Reciprocal ECG change in reperfused ST-elevation myocardial infarction is associated with myocardial salvage and area at risk assessed by cardiovascular magnetic resonance.

Heart

Multidisciplinary Cardiovascular Research Centre & The Division of Cardiovascular and Diabetes Research, Leeds Institute of Genetics, Health & Therapeutics, University of Leeds, , Leeds, United Kingdom.

Published: November 2013

Objective: ST-elevation acute myocardial infarction (STEMI) is frequently associated with reciprocal ST depression in contralateral ECG leads. The relevance of these changes is debated. This study examined whether reciprocal ECG changes in STEMI reflect larger myocardial area at risk (AAR) and/or infarct size.

Design: Patients were stratified by presence of reciprocal change on the presenting ECG, defined as ≥ 1 mm ST depression in ≥ 2 inferior leads for anterior STEMI, or ≥ 2 anterior leads for inferior STEMI. Infarcted tissue was defined on late enhancement and AAR on T2-weighted cardiovascular magnetic resonance (CMR).

Setting: Patients with reperfused first STEMI underwent CMR within 3 days of presentation.
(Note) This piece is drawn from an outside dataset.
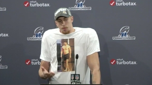 Super Bowl-bound 49er celebrates with shirt of his shirtless QB

Main Outcome Measures: In addition to AAR and infarct mass, myocardial salvage was calculated as (AAR mass-infarct mass) and salvage index as myocardial salvage/AAR mass.
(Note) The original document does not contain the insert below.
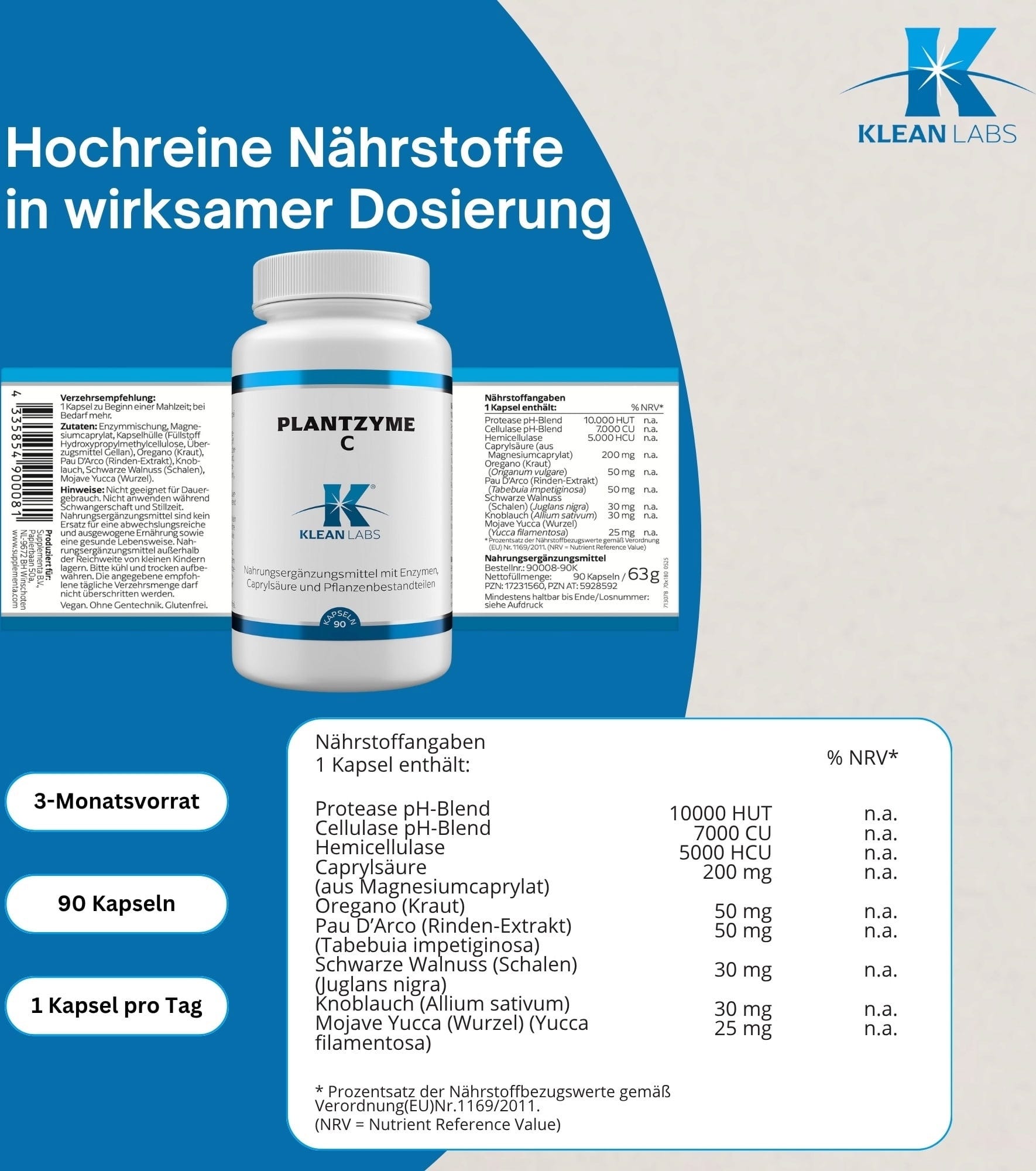 KLEAN LABS PlantZyme C, 90 gélules

Results: Thirty-five patients were analysed (n=35). Patients with reciprocal ECG changes (n=19) had higher AAR mass than those without (42 g vs 29 g, p<0.001), and higher myocardial salvage (27 g vs 9 g, p<0.001) and myocardial salvage index (61% vs 17%, p<0.001) but similar infarct size (16 g vs 20 g, p=0.3) and ejection fraction (43% vs 45%, p=0.5).
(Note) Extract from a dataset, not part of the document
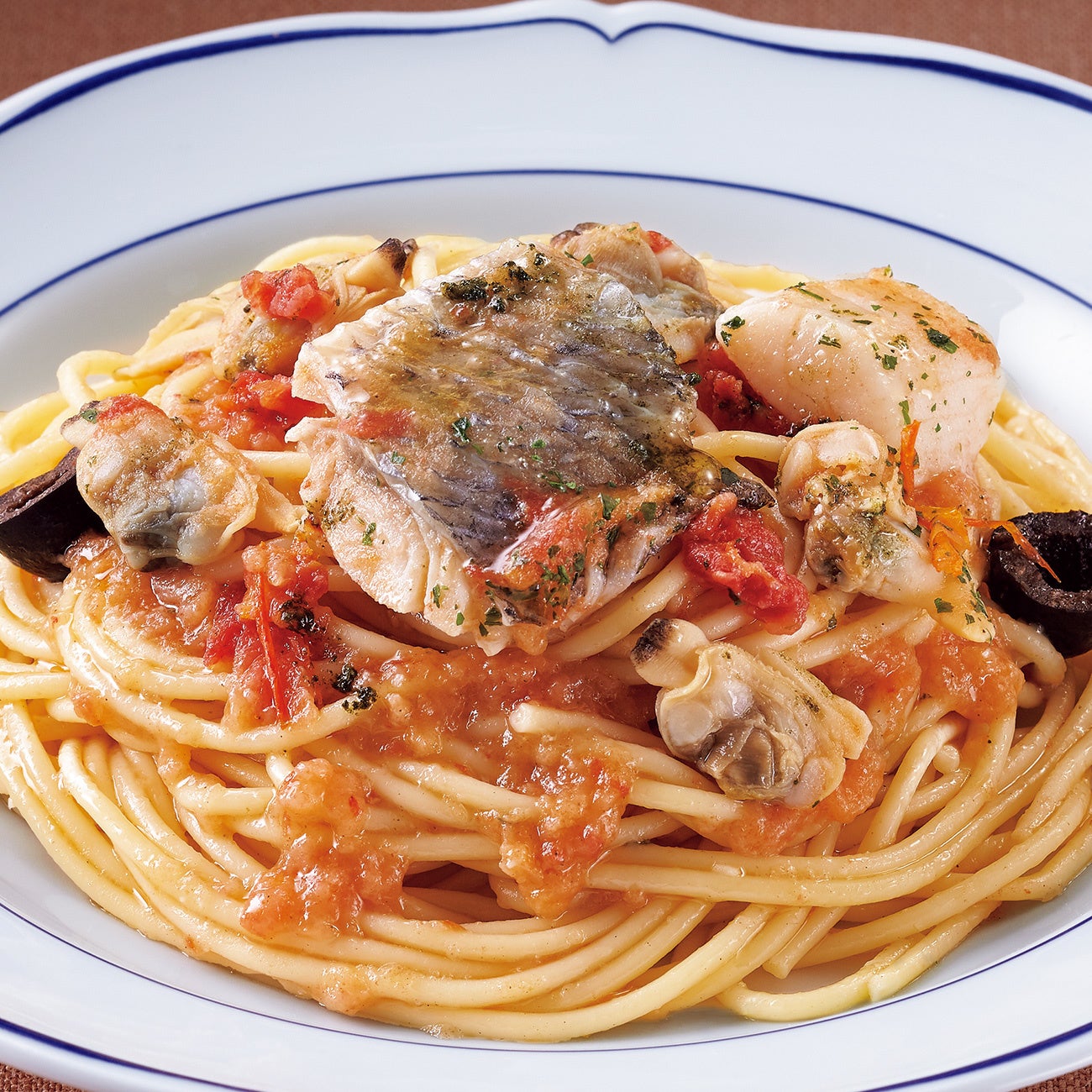 北海道産のほたて貝柱をはじめ、真鯛、あさりなど贅沢な海の幸を取り入れた食べごたえ満点のシーフードスパゲッティ。ドライトマトのやさしい酸味と甘さが魚介ベースのソースと絶妙に調和しています。一年の締めくくり、特別な日の食卓にも相応しいメニューです。

Conclusions: STEMI patients with reciprocal ECG changes have larger AAR, higher myocardial salvage and salvage index than those without. Reciprocal changes appear to be a marker of increased ischaemic myocardium at risk and indicate the potential for increased salvage with emergency revascularisation. Reciprocal changes showed no relationship to infarct size, which may be influenced by ischaemia time and other treatment factors.